The Samuel-De Champlain Bridge, colloquially known as the Champlain Bridge, is a cable-stayed bridge designed by architect Poul Ove Jensen and built to replace the original Champlain Bridge over the Saint Lawrence River in Quebec, between Nuns' Island in the borough of Verdun in Montreal and the suburban city of Brossard on the South Shore. A second, connected bridge links Nuns' Island to the main Island of Montreal. It is the second busiest bridge in Canada, behind only the Port Mann Bridge in Vancouver, carrying approximately 137,000 vehicles/day annually.

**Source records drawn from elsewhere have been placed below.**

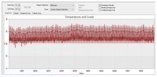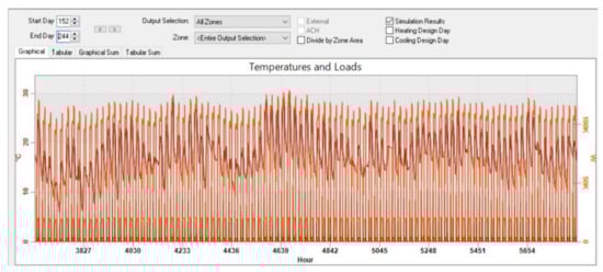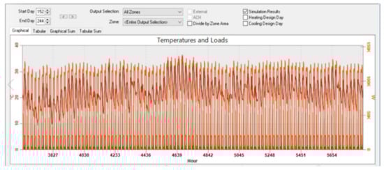 An evaluation of the variation of temperature and load analysis is presented in Figure 15 and Figure 16. The future predicted climate variation of the 2080s clearly shows a high upsurge in the temperature as compared to the current weather data. The comparison of the temperature load analysis for the current weather data and the worst-case scenario of the 2080s high (90th) percentile shows that dry bulb temperature ranges from 12.0 °C to 34.44 °C with relatively few periods going above the 30 °C mark for the current weather data; however, for the worst-case scenario, the external temperature ranges from 12.0 °C to 36.62 °C with the time periods going above the 30 °C mark over 1.5 times more for the specified period of analysis, respectively.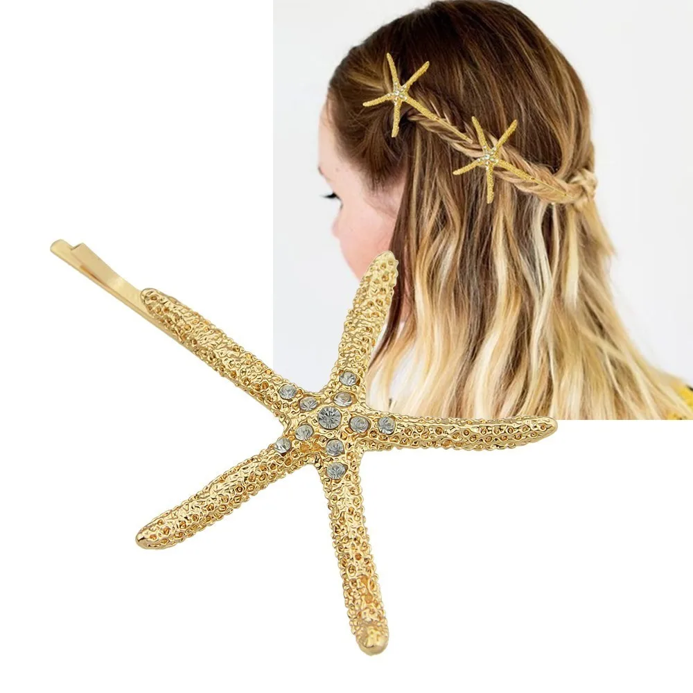Минималистский Стиль Украшения для волос золото-Цвет с горный хрусталь Морская звезда Форма заколки для волос одежда Украшения для волос для Для женщин Интимные аксессуары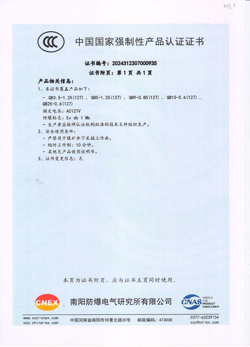 礦用隔爆QB127V 中國國家強制性產(chǎn)品認(rèn)證證書105.1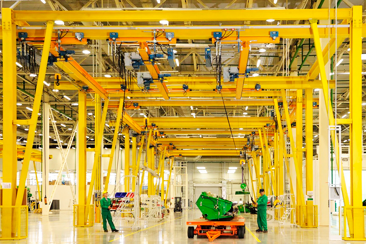 - Небольшой собственный вес снижает объем капиталовложений — подкрановые балки изготовлены из коробчатых профилей, оптимизированных с помощью компьютерных технологий.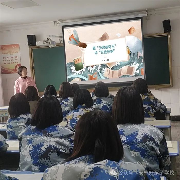 課程伊始,趙老師播放了動畫電影《無敵破壞王》,以電影主人公的經(jīng)歷為參照,引導同學們看到自我悅納要經(jīng)過歷程,并詳細講解了不同階段對應的不同挑戰(zhàn)。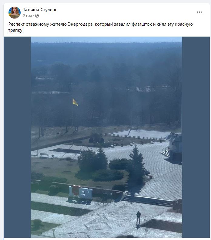 Так, жительница Энергодара рассказала, что в городе повалили флагшток, на который оккупанты решили повесить флаг с коммунистической символикой: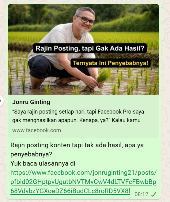 Contoh screenshot untuk konten yang di-share ke Group WhatsApp:

The new span is located just north of the location of the original Champlain Bridge, demolition of which began as soon as the new bridge was completed. The new bridge carries eight lanes of automobile traffic of the A-10, A-15, and A-20, with one lane in each direction dedicated for buses. It also includes a multi-use lane for cyclists and pedestrians. The central portion of the bridge deck carries the South Shore branch of the Réseau express métropolitain (REM) automated light metro system. At 60 m wide, the new Bridge is the widest cable-stayed bridge in the world that uses two planes of cables and one of the widest bridges of any type in the world.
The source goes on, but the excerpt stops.